Комсомол

 Комсомол (Коммунистический союз молодежи, основан в 1918 году)         

- Ну, так что? Ты собираешься вступать в Комсомол? – спросил меня Вадим Александрович, наш классный руководитель.
     Вопрос меня удивил, я просто об этом не думал. К тому же, обстановка вовсе не располагала к такого рода вопросам. Разговор наш проходил в школьном подвале рядом с раздевалкой.  Я там спрятался, чтобы прогулять первый урок, на который   опоздал. В нашей школе казалось проще прогулять, чем объяснять учителю, почему ты «гад такой» не приходишь вовремя.  Вадим (так мы его все звали за глаза), видимо, спустился туда покурить, у него по какой-то причине отменился первый урок.      
- Да, - ответил, я нерешительно. – Да, я хочу в Комсомол, но вот… не уверен…
- Чего ты не уверен?  Твоя мама, когда уезжала в Тегеран, подходила ко мне. Просила помочь. Ты же в институт собираешься?
- Собираюсь.
- У тебя сигареты есть?
     Неожиданный вопрос. Учителя, конечно же, знали, что мы все курим, нас даже ловили с поличным в туалете на 4 этаже.  Но вот чтобы просить у своих учеников закурить, такого никогда не случалось Чего он хочет? Если есть сигареты, вдруг скажет: «Таких не берут в Комсомол.»  Но я не решился соврать классному руководителю.

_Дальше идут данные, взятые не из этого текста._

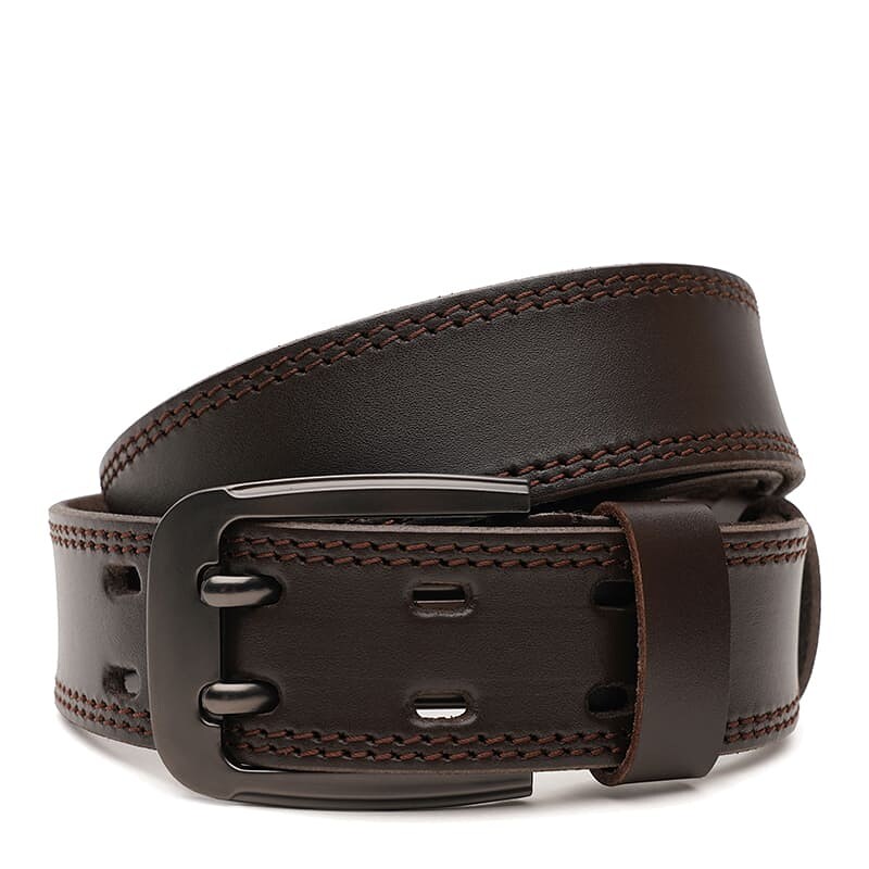 Мужской кожаный ремень. Качественные материалы, стильная пряжка и аккуратный внешний вид. Ремень выполнен из натуральной украинской кожи и металлической фурнитуры. Лицевая сторона ремня защищена от влаги, жира и агрессивных сред. Уход – минимальный (сухая чистка). При необходимости, ремень можно укоротить самостоятельно до нужной вам длины.
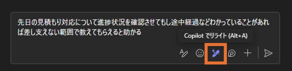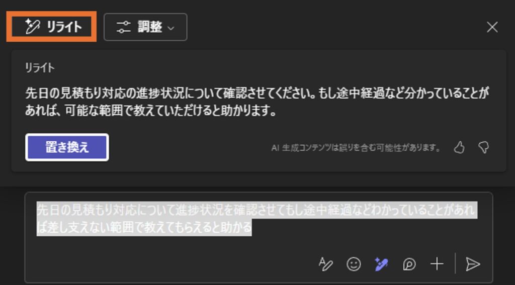 そのあと、Teamsの入力欄にある「リライト」ボタンを押すだけ。
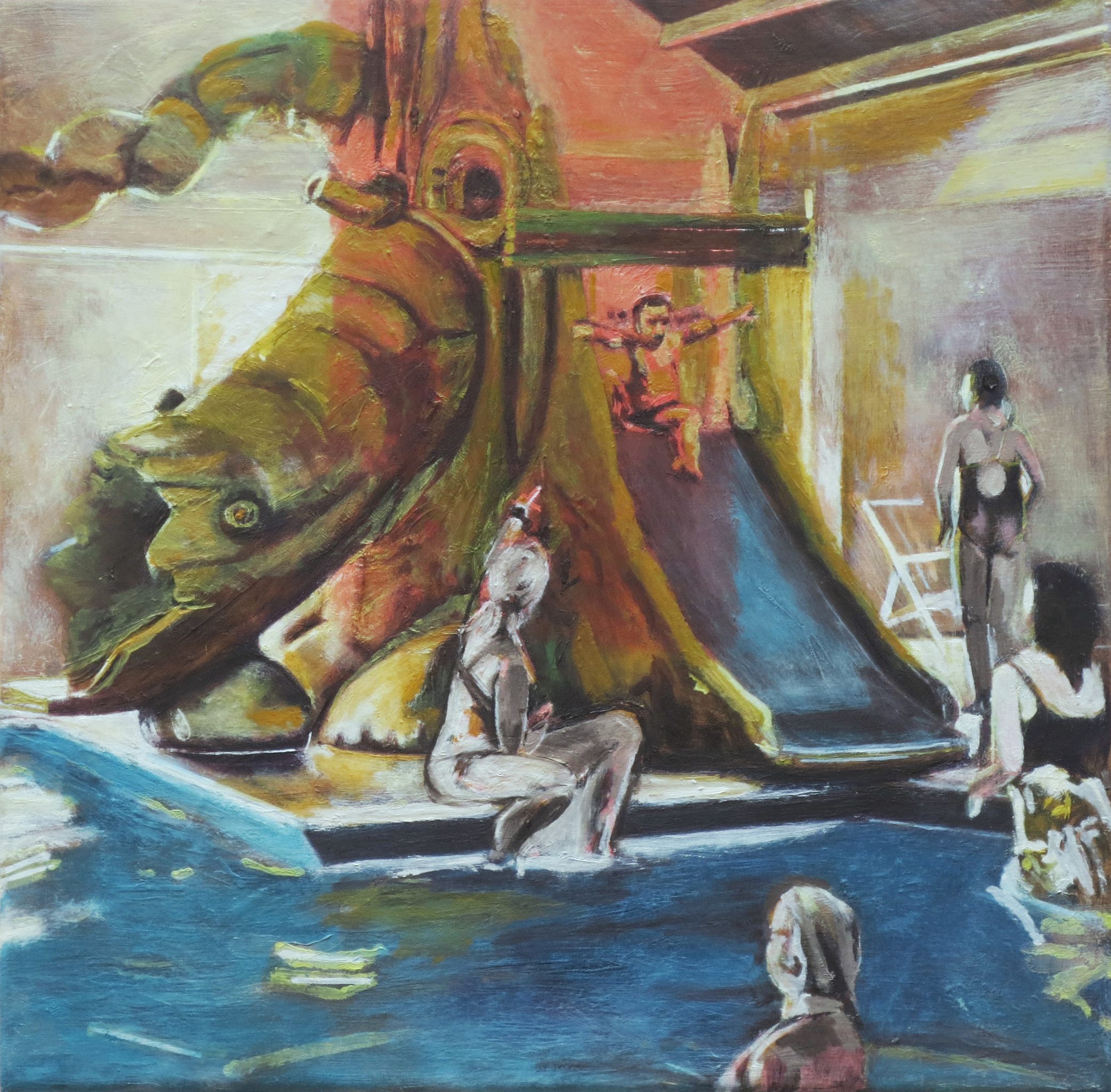 De mens geplaatst in een setting trekt mijn aandacht en nieuwsgierigheid. Mijn uitgangspunt bij het maken van mijn huidige schilderijen is de spelende mens. De weergave van de ruimte met zijn attributen zoals de belichting, een natuurlijke omgeving of een in cultuur gebrachte omgeving, brengen mij opnieuw in contact met die ervaren werkelijkheid. Wat mij bezighoudt is dat het geschilderde zich gaat verbinden en in de plaats komt te staan van de opgedane indrukken en gevormde herinneringen.

- Да вот. Есть, -  я протянул Вадиму отрытую пачку «Уинстона».
- Не фига, себе, – сказал, как бы про себя, Вадим. - Учитель Беломор сосет, а ученики…
     Мне стало стыдно.
- Ладно, - сказал, Вадим. - Давай закуривай.
    Он взял себе сигарету, я - себе.  Он чиркнул спичкой, мы закурили.
- Так, вот, – продолжал классный. - Твоя мама просила принять тебя в Комсомол. Я все жду и жду, когда ты ко мне подойдешь.  А тебя вечно нет.
- Извините, пожалуйста, Вадим Александрович, – ответил я, глубоко затягиваясь сигаретой. - Я думал, что мне рано.
- Какой рано? Давно поздно. 16 лет уже, здоровый лоб.  Ты же собираешься в институт поступать, не то что эти олухи. Не подводи родителей.   Есть бумага?
- Тетрадки.
- Давай. Доставай.
      Я вынул из сумки   почти пустую тетрадку по математике, в ней были исписаны только первые 2 страницы. Вырвал из середины лист. Протянул его Вадиму.   
- Чего ты мне его суешь? Бери пиши. Я, такой-то, год рождения и все такое, ну сам знаешь, прошу принять меня….
     Дальше Вадим продиктовал мне весь текст заявления о приеме в Комсомол. Он явно знал его наизусть.   Я писал, подложив под листок учебник по алгебре, который в свою очередь лежал на табуретке. Я не мог никак понять, почему моя мама мне ничего не сказала о разговоре с Вадимом.  «Может, просто забыла?  Да,  скорее всего, забыла.  А может,  говорила, просто я забыл? Да точно, это я забыл.»   
- Ну вот.  Как твой классный руководитель, и как член партии я подпишу, это будет рекомендация. А ты готовься, выучи там всех этих вождей наших и особенно, этих всех братских идиотов сраных, там вьетнамцев, да и прочих козлов. Имей в виду, на райкоме это обязательно спрашивают, ты уж меня не подведи. 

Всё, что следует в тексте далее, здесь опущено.